Even More Wackiness From America's Wackiest University (UC Santa Cruz)

Hat tip City on a Hill Press


“In 1971, a time in the U.S. political environment where there was a tremendous amount of hopefulness, change and reform in the air, there was a sense we were making the country a more fair and just place,” Haney said. “But by the mid-1970s and by the late ‘70s, all that began to change. There was a ‘tough on crime’ movement that had overtaken the nation at that point. What had been a moratorium on prisons in the U.S. became a massive prison construction."


Chris Haney is a psychology professor at UC Santa Cruz (America's Wackiest University). This week he gave a talk about the evils of having criminals in prison. The campus paper, City on a Hill Press, has the glowing report.
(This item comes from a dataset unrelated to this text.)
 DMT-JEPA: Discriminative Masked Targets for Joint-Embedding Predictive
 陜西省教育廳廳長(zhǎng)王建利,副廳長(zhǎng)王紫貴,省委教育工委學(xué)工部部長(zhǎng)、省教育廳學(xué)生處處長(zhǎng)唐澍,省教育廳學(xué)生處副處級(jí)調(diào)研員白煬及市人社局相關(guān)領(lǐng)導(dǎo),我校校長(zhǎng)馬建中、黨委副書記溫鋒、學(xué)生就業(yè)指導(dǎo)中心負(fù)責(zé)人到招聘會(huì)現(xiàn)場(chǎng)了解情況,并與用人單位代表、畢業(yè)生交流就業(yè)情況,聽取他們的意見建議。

http://www.cityonahillpress.com/2015/04/08/an-obscured-world-of-punishment/

As I commented in the reader thread, it probably has never occurred to the learned professor-this so-called luminary- that the reason we have mass incarceration is because we have a lot of criminals in our society, something that has gone way over Haney's head.

3 comments:

elwood p suggins said...

Gary--with all due respect, I am glad I have only visited CA and never lived there. Just think, if that had happened, my kids could possibly have gone to college there.

Gary Fouse said...

The universities are bad all over the country.

Siarlys Jenkins said...

You're wrong Gary. What is wrong with our prison system is that we do not make sufficient effort to distinguish the guilty from the innocent, and then do not make a serious effort to let the punishment fit the crime.

First, lots of people who don't need to be in prison are there, and they make great political cover for those who really should be locked up.
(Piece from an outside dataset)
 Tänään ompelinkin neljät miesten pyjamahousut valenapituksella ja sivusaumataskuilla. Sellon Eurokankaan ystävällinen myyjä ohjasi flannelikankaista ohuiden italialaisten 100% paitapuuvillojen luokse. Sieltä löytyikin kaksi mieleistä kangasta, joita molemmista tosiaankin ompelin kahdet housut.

Second, we need to replace "off to prison" with a network of smaller, specialized institutions. We might even make some sentences LONGER, based on running really humane institutions for first time offenders who really need to be isolated from the bad company just waiting for them out on the streets.

You also miss out on the economics. Once money has been invested in building prisons, there is an incentive to keep them full, especially if many of them are run by private companies, and others built by states expecting to rent the extra cells to other jurisdictions.

You hate unions... how about the California correctional officers union, which throws huge gobs of money into lobbying for mandatory minimums to keep its members employed, whether it keeps us all safer or not?

elwood is not from California? Gee, he writes just like a Californian.